Because the ego was in danger of annihilation as a result of the impingements (intrusion or absence of mother) the “true self” (ego) of the individual needed to be protected. This protection came in the form of a false (compliant) self, which acted as a defensive organization. The net effect for the individual became a sense of futility and resignation to never being happy.

In the present, the individual expresses a longing for the important maternal connection that was not achieved in infancy. He/she often continues to seek for this connection in relationship after relationship. Recognition of the unmet desire, with the accompanying anger and pain, is the essential ingredient in the regression-to-dependence process.

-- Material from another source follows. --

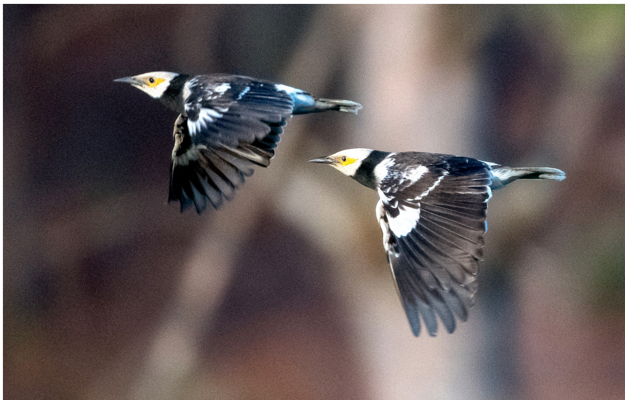
Black-collared Starling

Bluethroat Luscinia svecica Three or more seen at Inle Lake. Siberian Rubythroat Calliope calliope Two seen at Hlawga, another female seen at Bagan. Himalayan Bluetail Tarsiger rufilatus Not uncommon at higher elevations on Mt Victoria. Slaty-backed Flycatcher Ficedula hodgsonii A single female seen on Mt Victoria. Rufous-gorgeted Flycatcher Ficedula strophiate Frequent sightings on Mt Victoria and in the forests near Mindat. Taiga Flycatcher Ficedula albicilla A small number of these winter visitors seen along our way. Little Pied Flycatcher Ficedula westermanni A few seen in the forests on Mt Victoria. Slaty-blue Flycatcher Ficedula tricolor Quite numerous if skulky on Mt Victoria. Blue-fronted Redstart Phoenicurus frontalis A few of these handsome fellows still lingering on Mt Victoria.

In the normal process of psychological development, ego integration, which includes the resolution of the Oedipus complex, results in the developing child having a firm sense of self and the ability to experience his own identity whether he is alone or involved with others. For those individuals whose mother-infant relationship was impaired, normal ego integration did not occur. Instead, the individual’s sense of self is fractured. These individuals have a limited sense of separateness or identity when they are with others and often feel abandoned and bereft when alone. In order to function in the world, they often must split off their own emotions in an effort to find acceptance from others and a semblance of peace within themselves.

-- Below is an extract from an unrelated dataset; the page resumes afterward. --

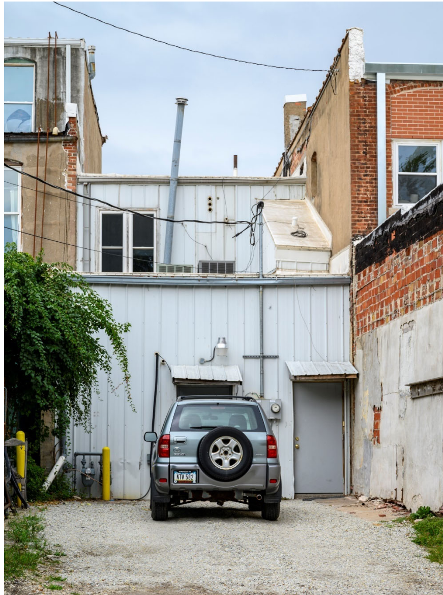
Photograph 44-00244-002. East elevation, looking west (October 2023)

When the infant tried to achieve mastery over the failed maternal environment, he did so…by developing a defensive false-self organization, which enabled him to adapt to this environment. But the false self cannot ever reach the independence of maturity, for as Winnicott…has shown, there was no object (mother) who could offer a shared reality, only one based on a set of projections.
The mother-infant relationship based upon projections deprives the infant of having an object with whom to share his inner developing life. His rage and primitive agony result from the absence of this shared reality. This absence becomes more profound as there is no one to help him carry the rage and pain. Left to his own immature devices, the infant then drowns in his primitive emotions. These feelings are intolerable to the infant, and so the mechanism of the ego splits them off. Adults often report this experience as one of falling into a bottomless pit. It is absolute desolation.

Essential elements of regression-to-dependence (per Winnicott): 1) a safe and nurturing environment, 2) an analyst who is attuned (like a mother) to the patient’s true feelings, 3) a release of anger and frustration by the patient, 4) the patient’s movement toward independence, and 5) a sense of relief in the patient and a growing sense of self.

Winnicott: “The regression represents the…individual’s hope that certain aspects of the environment which failed originally may be relived, with the environment this time succeeding instead of failing.”

The ego of the infant is too immature to be able to gather into its control the anger and pain it experiences. These intense emotions must be split off until a later time when additional ego-support is available.

It is not the analyst making up for what the analysand [patient:] did not receive from his mother that brings integration. It is, instead, the analyst’s recognition of the analysand’s intrusive or depriving experience, and his capacity to contain the analysand’s pain, rage, and terror without being destroyed by it or ending the analysis, that resolves the damage done to the analysand in infancy.

It is essential that the analyst acknowledge the wish of the analysand for the analyst to make up to the patient what he/she did not receive. But the reality is that no one can provide this for the analysand. Once this is recognized, the analysand can feel and express previously repressed emotions of anger and pain.